“Ma!” Jordy groaned, making my heart soar. He was awake.
“Baby, I’m here.”
“No, she’s going to hear this, JoJo. I know you want to protect her, but she can’t run from me forever. I don’t know what you did to him or what he did to you this time, but obviously, he’s still a damn fool for you because he’s probably ruined his career to protect you after you ran off and broke his heart all those years ago. He’s still carrying a torch for you. I don’t like it, but that’s not my business. My son is an adult, but that’s still just as much my baby as it is yours. I just hope you love my son half as much as he clearly loves you.”
“I do, Doctor Lisa. I never meant to hurt him.”
“Now, I saw your son with your mom the other day. Is that my grandbaby?”
I glanced over at JoJo who was nodding with his eyes still closed. “Yes.”
“Bring me my baby. He needs to know us.”
“Yes, ma’am.”
“I’m going to give you a minute to talk to him alone before they prep him for surgery. JoJo, open your heart and stop being so damn stubborn. Obviously, you two have a lot to talk about.”
Once Jordy’s mom and sister were out of the room, I moved closer to the bed. I couldn’t resist the urge to touch his face.
“I asked you to give me space, Harper.”
The chill in his voice made a lump form in my throat. I was used to Jordy being warm and sunny. I could only blame myselffor the stark change in his disposition. It hurt, but that didn’t mean I was going to run away.
“I couldn’t leave you like this, JoJo. Did you do something? Did you like . . . What happened, baby? You should have called me. I should have been with you.”
“I didn’t try to hurt myself, if that’s what you’re asking, Harper. I told you I know how to process my feelings. I asked you to give me space so I could do that.”
“Well, I’m giving you space, but I’m not leaving. I’ll just be on the other side of the room. I’m not leaving you again, JoJo.”
I moved the chair that Jordy’s sister had been in to the other side of the room and plopped down. The curtains were pulled so that I could only see the foot of Jordy’s bed, but I was there. I couldn’t leave without knowing that he would be OK.
“I fractured my hand hitting your ex-husband. My brother Jameer is on the way to see if I need surgery. My mom thinks I do. The doctors on call here don’t agree. So, we are waiting on him to give his opinion.”
Hours Earlier. . .
I had no idea where I was going. The only thing I knew was that if I stayed, I would do or say something I couldn’t take back. The air seemed to burn my lungs as I drove aimlessly. My fists were clenched so tight around the wheel that my knuckles ached. Every mile that I put behind me seemed to open the ground more.
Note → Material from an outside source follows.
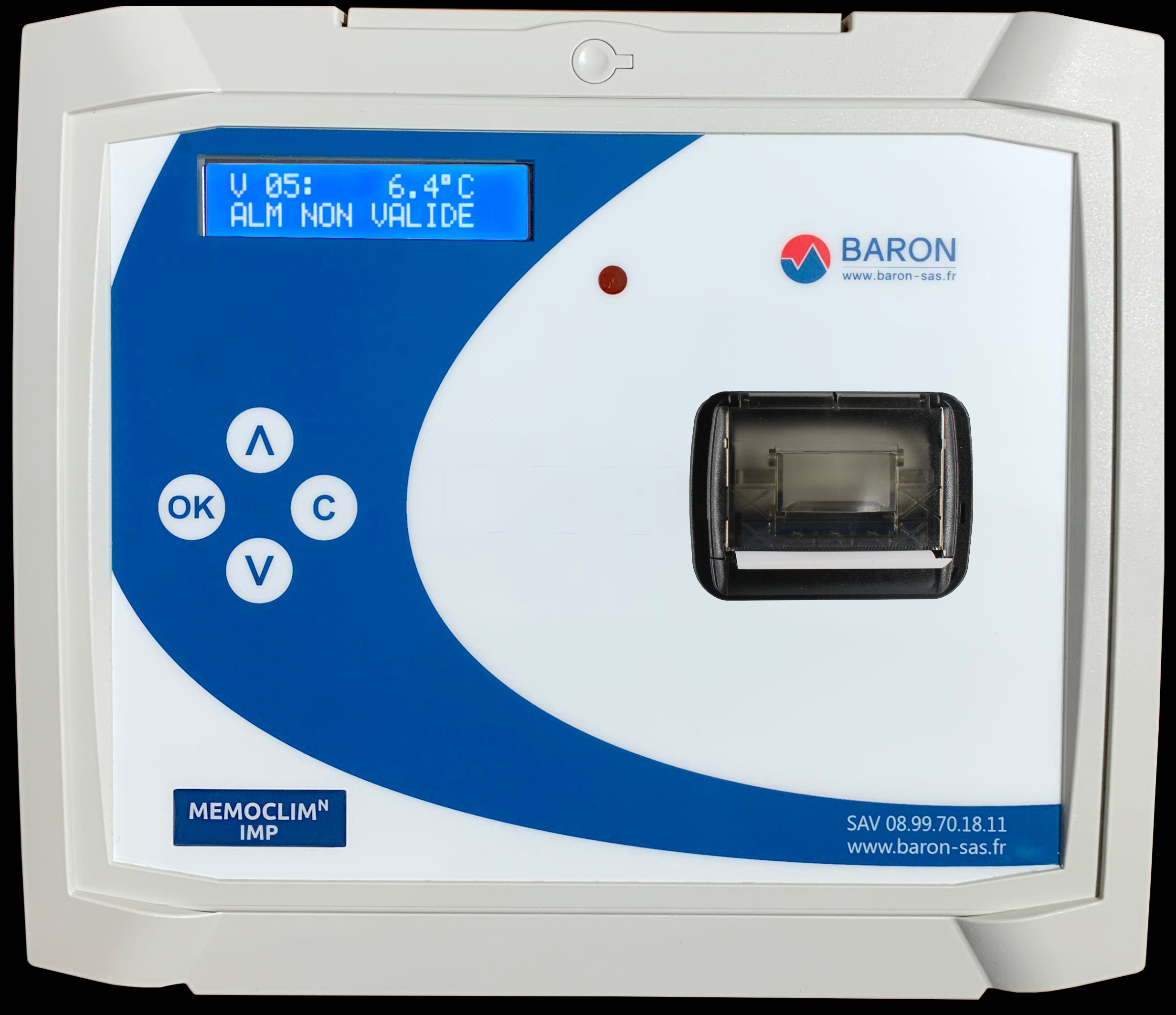 Les modèles d'appareils de type IMP, signifient que votre appareil dispose d'une imprimante en façade, vous avez donc la possibilité d'imprimer vos relevés de températures, alarmes, nom des voies...
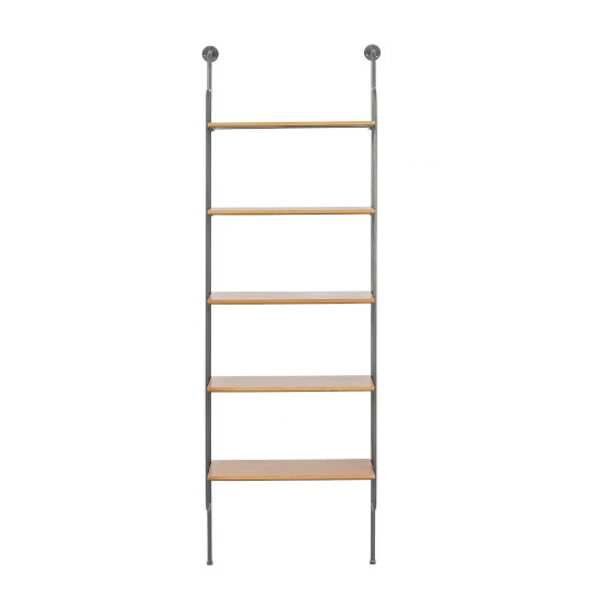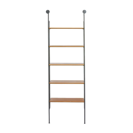 - This industrial style accent furniture features 5-tier wall storage with rectangular wooden shelves and solid metal side frames

Leaving Harper felt wrong. Walking away after my brother’s confession felt wrong. Feeling the ground shift under my feet when I wasn’t even moving felt worse. Jase’s voice still echoed in my head no matter how much distance I put between us.
He’s mine.
Jase’s words hit me in the chest like a wrecking ball, not because I resented him for being Cameron’s father. They hurt because of the silence. Jase and I told each other everything. How long had he known? How long was he going to keep it from me? I trusted my brother more than anyone in the world. Now I didn’t know what to think.
We talked about everything from women to lunch choices. We shared everything, even the woman we loved. Now the one time when what he knew really mattered, he chose to keep it from me. The worst part was the fact that I knew he was keeping it from me because he felt like I couldn’t handle it.
There was a time when I didn’t know how to cope with my feelings. There was a time when I kept things in and played nice no matter what. That led to me feeling lost and trying to end my life when I was seventeen and my parents were going through their divorce. It had been fifteen years, but apparently, my best friend still saw me as the fragile young boy with a broken heart and big feelings that he didn’t know how to process.
Years of therapy and medication had taught me how to say what I meant and feel things without regret. I was furious that Jase thought I couldn’t handle knowing that he was Cameron’s father. When I made it to my mom’s, I parked out front and swiped my hand down over my face.
The throbbing in my left hand made me hyper aware that something was wrong. I knew my mom would be livid, but I had to see her. She already hated Harper. She blamed her for breaking my heart all those years ago. It was part of the reason I hadn’t told her that we were seeing each other again. Now that I had probably broken my hand fighting her ex-husband, I could only imagine what she would say.
I wasn’t angry at Harper. That realization surprised me. As much as I was hurt by her decision to leave without telling us that she was pregnant, part of me understood. As soon asher husband started berating her for being with both of us, the instinct to protect her reputation kicked in. Harper left because she felt like she had to.
She left because she felt betrayed. She left because the men she loved broke something in her, her trust. She stayed away because she felt like that was the only way she could survive. She chose dignity and safety for her and her son when she thought love from us wouldn’t be enough to shield them from the world. For some reason, I understood.
Therapy was a motherfucker.
I climbed out of my car, knowing two things: My hand was definitely broken, and I still loved Harper. God help me, I still loved her. Nothing that happened had changed that even a little. I just needed time.